Neural Mechanism of Photoperiodism

In neural mechanisms underlying photoperiodism, photoperiodic information is received by photoreceptors and is processed in the photoperiodic clock and counter in the brain. The processed signals are then switched to the endocrine organs. Neuroanatomy, microsurgery, and electrophysiology, in combination with RNA interference, have revealed plausible photoperiodic neural circuitries that employ circadian clock cells and neurosecretory cells in the pars intercerebralis and pars lateralis. In the blow fly Protophormia terraenovae and the bean bug Riptortus pedestris, an anterior base of the medulla region containing clock protein PERIOD cells and neuropeptide pigment-dispersing factor cells is a potential site for photoperiodic mechanisms. In P. terraenovae PERIOD nuclear localization suggests that clock cells of s-LNv and DNm have different phase settings to environmental light-dark cycles. By comparing the clock phases of s-LNv and DNm, short and long days are distinguishable.

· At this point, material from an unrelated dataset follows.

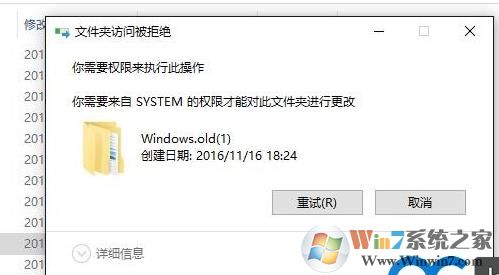 不过直接删除会提示权限不足,而且强制删除可能还会导致现在的系统崩溃,正确的方法是使用磁盘清理来删除。

In R. pedestris, pars intercerebralis neurons show a photoperiodic response in their firing activities, depending on the period expression. The neurotransmitter glutamate mediates short-day signals to pars intercerebralis neurons under period expression. In the proposed neural circuitry, cellular responses such as electrical activities, gene expression, and fiber projection patterns to short and long days should be revealed to understand the photoperiodic clock and counter mechanisms in future studies.